German-American physicist (1911–1949)

Gertrud Nordheim-Pöschl (Note: She published under the names Gertrud Pöschl, Gertrud Nordheim, Gertrud P. Nordheim and Gertrud Nordheim-Pöschl. Some sources, mistakenly cite her as Hertha Pöschl, see for example.) (March 6, 1911 – June 15, 1949) was a German-American theoretical physicist known for her work on the theory of polyatomic molecules and her collaboration with Hertha Sponer at Duke University. The Pöschl–Teller potential is named after her.

== Early life and education ==
Gertrud Pöschl was born in 1911 in Graz, Austria. She was the daughter of Martha Pöschl, née Mitzky, and mathematician Theodor Pöschl. Her younger brother Klaus Pöschl was also a mathematician. She studied theoretical physics at the University of Göttingen under Walter Heitler receiving her PhD in 1935. In March 1933, she and Edward Teller published a paper on applications of quantum mechanics to harmonic oscillators that introduced what is now known as the Pöschl–Teller potential. In 1935, she married theoretical nuclear physicist Lothar Nordheim and emigrated to America when he accepted a position at Purdue University.

== Scientific career ==
Nordheim-Pöschl's scientific career was mainly focused on the theory of the structure of polyatomic molecules and their spectra. She collaborated closely with Lothar Nordheim in her early career, publishing several joint papers him and other scientists of the day including Edward Teller and J. Robert Oppenheimer. During World War II, Nordheim-Pöschl worked at Oak Ridge National Laboratory calculating numerical tables for the melting points of ammunitions for the National Defense Research Committee with her husband, who was later named the director of the physics division.

In 1936, Lothar and Gertrud Nordheim participated in the Washington Conference on Theoretical Physics on molecular physics. Gertrud was one of the few female physicists present, the others being Maria Goeppert Mayer and Augusta H. Teller.

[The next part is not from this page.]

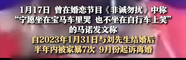 2023年1月31日,马诺与其丈夫刘先生结婚。本以为自己找到了一个好归宿,没成想自己是掉进了一个巨大的坑中。婚后短短半年,马诺便遭遇了七次家暴,就连狗都差点被摔死。
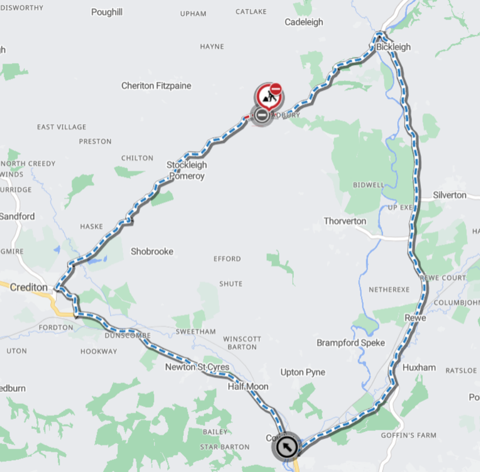 Diversion route for the roadworks on the A3072 Road from Coffintree Cross to Cadbury Cross.

In 1937, after Lothar was offered a physics professorship at Duke University, Nordheim-Pöschl joined Hertha Sponer's spectroscopy laboratory where she would work the rest of her life. In an 1962 oral history, Hertha Sponer recalled how Gertrud assisted her with applying quantum mechanic to spectral analysis. In 1939 they published a paper in collaboration with Edward Teller and Alfred Lee Sklar of Catholic University on "Analysis of the Near Ultraviolet Electronic Transition of Benzene" in The Journal for Chemical Physics which helped raise the profile of Sponer's laboratory. In the following decade she published several joint papers with Sponer, including some that were published posthumously.

== Death ==
In June 1949, Gertrud and Lothar Nordehim visited Karlsruhe, Germany with their son Ricky, to see Gertrud's family for the first time since the war. Her father was then director of the Karlsruhe Institute of Technology. On June 15, 1949, Gertrud was riding a bicycle when she was struck by a car and sustained fatal injuries. Lothar was deeply affected by her death and cited it as a reason he later left Duke University for California.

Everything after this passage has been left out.